Nuclear power for South Africa? | by Peter Becker

by Feb 14, 2012Magazine

The South African government is planning to order six nuclear reactors at an estimated cost of R1 trillion. What would the consequences of this be?

Before we can understand this, we need to have some other plan to compare it to, which requires an understanding of how electricity is generated in South Africa at the moment.

About 5% of our grid electricity comes from nuclear power, about 5% from hydro power, 0.02% from wind turbines, and none at all from solar power. The rest, about 90%, is from coal power stations.
The question facing the country is: which of these generation technologies should we spend money on next? 
To get an idea of what is possible, it is useful to look at what has already been achieved in some other countries. Germany generates about 20% of its electricity from renewable sources. Spain produced 11.5% of its electricity from wind in 2008, and this increased to 16% of demand in 2010. Portugal now produces over 40% of its electricity from renewables. In 2009 the USA used renewables and hydro power to generate nearly twice the total electricity demand in South Africa in the same year.

So it seems clear what the first step should be in South Africa: increase the amount of electricity generated from wind and solar technologies from the current base of 0%. Once we see this component reach about 20%, we will need to look at things which are new to South Africa, such as smart grids and energy storage. But since we are currently at about 0% electricity from wind and solar sources, this will not be an issue in the near future. Also, distributing wind farms around the country ensures that when there is no wind in one area, wind farms in other areas will be generating power.

So back to the question: what would be the effect of allocating R1 trillion to nuclear power stations? It’s important to note that nuclear power stations are huge in terms of capital investment and time to build. It is not possible to build a small one quickly, just to see how well it works. The minimum commitment is probably about R200 billion, and about 15 years to build. In contrast, a 100 MW wind farm could be built for R1 billion, and the first power could be fed into the grid in about one year. According to Eskom’s figures, this means wind power is cheaper than nuclear power.

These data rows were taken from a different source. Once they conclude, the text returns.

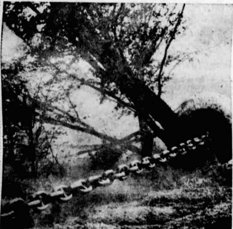
CLEARING THING UP —One of several 8-foot steel balls, linked together with heavy chains, has toppled a birch tree like a totem at Kariba, Rhodesia. The balls are towed through the brush in a project to clear some 100,000 acres. The area will be the fishing grounds and harbors of the giant lake which will form behind the Kariba Dam.
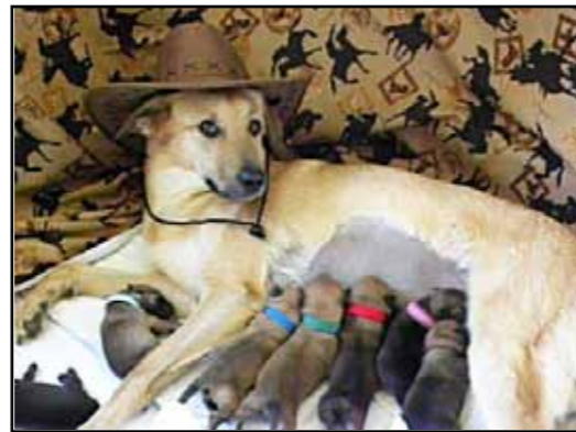
MountainThunder - The Wanted
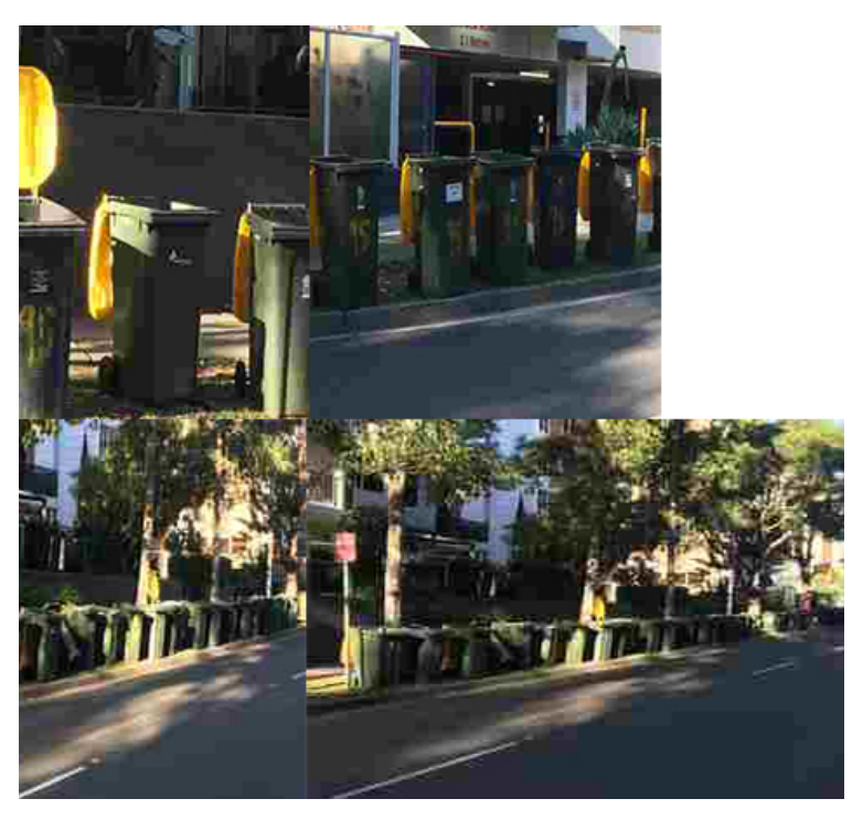
Figure 5: Filmic Cuts of Recycling Bins from Number 95, Streetscape in Kamay – (Botany Bay), 2020.

challenge to seriality as sameness, limiting the actions of individual bins, for example, as they are not generic and have social constructs that open the possibility of resistance and non-compliance. These are some of my initial thoughts on the sustainability of bin collection at the system-level, especially about the possibility of garbage recovery and what this might mean. Yet, I am grounded in the thought that these are garbage bins with little or no street appeal. Secondary to the bin itself is the logo, with its historical binaries and Captain Cook, so I am placing hope in questioning and even contradicting the original usage and intention of each object in this article.

Of course, the estimated cost is unlikely to be the final cost, as cost and time overruns are common with projects of this size. The infamous arms deal is an example: the original estimated cost was R4 billion, which has risen to over 10 times that. The 2010 soccer stadiums also all ended up costing significantly more than the initial estimates. We cannot be certain of what the eventual cost would be, but we can be sure that it will be far higher than the initial estimates.

So let us work with the published estimate of R1 trillion, as confirmed by Minister Peters in September 2011. This is a very big figure, and difficult to comprehend without some comparison. We know a low-cost house requires R70 000 to build, and another R100 000 could add an off-grid solar PV system to it. We could add a solar water heater for R10 000, and round up by R20 000 to get R200 000. So then R1 trillion would allow 5 million such houses to be built. That could house half the population of South Africa, and give them free electricity and hot water for life. Such a project would also create a huge number of jobs, distributed throughout the country.

Apart from the huge costs, nuclear power stations are technologically very complex, and this technology will need to be bought from overseas. This means money leaving the country, and so not being available to the local economy. It also means importing labour –  even though Koeberg was built around 30 years ago, to this day there are still some French technicians employed to operate it.

In terms of number of jobs, nuclear power requires fewer workers per generated unit of energy than coal power. This means that if coal power is replaced by nuclear power, jobs will gradually be lost. In contrast, renewable energy requires less imported technology, and more jobs per unit of electricity generated. Research has shown that, for example, wind energy would generate 10 times the number of jobs compared to nuclear energy (Agama Energy: Employment Potential of Renewable Energy in South Africa).

Another issue is the risk of a major nuclear accident. Statistically speaking, these accidents are very unlikely to occur. However, as Japan has shown us, very unlikely does not mean impossible. At Fukushima, a natural disaster resulted in both primary and secondary safety systems failing, resulting in the spent fuel ponds exploding and a vast amount of radioactive material being released, and the long-term evacuation of well over 1 000 km2 in a densely populated area. The UN Secretary General has warned that more nuclear accidents like this are likely to occur in the world.

The consequences of such an accident are huge, in economic terms and human suffering. Somehow, nuclear plant operators have convinced the governments of the world to put a maximum on their liability, and if the cost of a cleanup exceeds this, then the taxpayers of the country are required to pay the excess. Note that householder insurance policies always exclude any damage or loss of value due to a nuclear accident.

A recent economic study concluded that if nuclear power plant operators had to pay for insurance against the full costs of a major nuclear accident, the cost of electricity would be anywhere between R23/kWh and R670/kWh. 

The only way the nuclear power industry can survive is to externalise costs, i.e. make someone else pay for them. That ‘someone’ is the people of the country foolhardy enough to install nuclear reactors.